International career^{‡}
- 2012–2014: France U20 / 12 / (0)
- 2013–2014: France U21 / 2 / (0)

Medal record
Representing France
Men's football
FIFA U-20 World Cup
| Winner | 2013 Turkey |  |

= Naby Sarr =

Senegalese footballer (born 1993)

Mouhamadou-Naby Sarr (born 13 August 1993) is a French professional footballer who plays as centre back.

==Club career==
Sarr made his senior debut with Lyon in the UEFA Europa League on 6 December 2012 against Hapoel Ironi Kiryat Shmona. He opened the score after 15 minutes, and Lyon won the game 2–0.

On 28 July 2015, Sarr joined Charlton Athletic on a five-year deal. He scored his first goal for the club against Huddersfield Town on 15 September 2015.

On 21 June 2016, Sarr joined Red Star on a season long loan deal.
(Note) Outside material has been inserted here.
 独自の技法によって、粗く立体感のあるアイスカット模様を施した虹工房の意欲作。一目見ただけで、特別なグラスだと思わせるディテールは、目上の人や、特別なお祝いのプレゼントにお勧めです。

On 15 December 2018, Sarr was sent off inside the first minute of Charlton's League One match against AFC Wimbledon, beating a club record previously held by Nicky Weaver.

On 11 September 2020, Sarr joined Huddersfield Town. He scored his first goal for Huddersfield in a 4–3 defeat against Stoke City on 21 November 2020.

On 1 June 2022, it was confirmed that Sarr had been released by Huddersfield Town at the end of his contract.

On 26 August 2022, after nearly a month with the club, Reading announced the signing of Sarr to a four-year contract.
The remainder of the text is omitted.